Regardless of the facts behind the cases of black men killed by police that have been in the media in recent years, we don’t have a police problem. We have a problem with racism in the USA. I do not deny that there are racist police officers who treat black people differently than they do white people, sometimes killing them when it was unwarranted. But there are racist people in every profession and we don’t call racism a systemic problem in other professions.
We lack reliable data on how many black people are killed by white police officers in the USA. Whatever the number is, many of them are warranted because they occur during the commission of a crime while the officer is performing his or her duty according to standard procedures. But we can be confident that there are more black people murdered by white people who are not police officers than are murdered by white police officers. That means we have a racism problem in the USA that goes beyond police work.
Our police officers perform a critical role in our society. They bravely do their duty under the most dangerous circumstances, literally putting their lives on the blue line every day to protect the safety of all the people in their communities. The vast majority of police officers do their jobs with patience and restraint regardless of the color of the people they encounter. If you think racial violence is bad in the USA now, imagine how much worse it would be if there were no police forces enforcing the law.
Unfortunately, calling all police officers racist only exacerbates the racial division among Americans.
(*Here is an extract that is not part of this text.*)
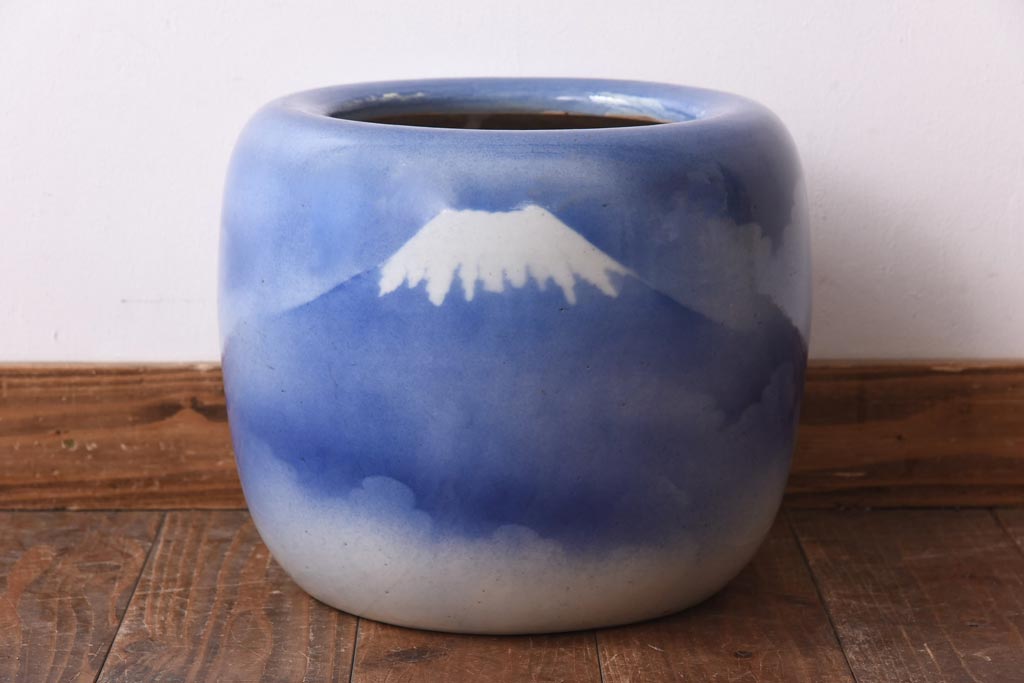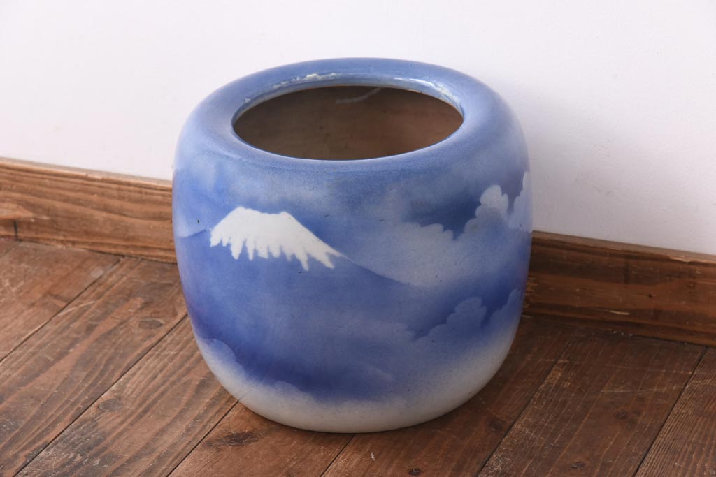 和製アンティーク 富士の図 優しげな雰囲気漂う瀬戸火鉢(手あぶり、鉢カバー)です。

We need to bring Americans together to fight racism across our society. Yes, that includes fighting racism in police work. But it also includes fighting racism in our schools, in voting, in housing, in government, in religion, and in all work places. Stop pointing the finger of blame for racism at police or gangs or other sectors and recognize that it is prevalent throughout America and needs to be addressed societally. Until we do so, we won’t be able to fight what racism there is in police work effectively.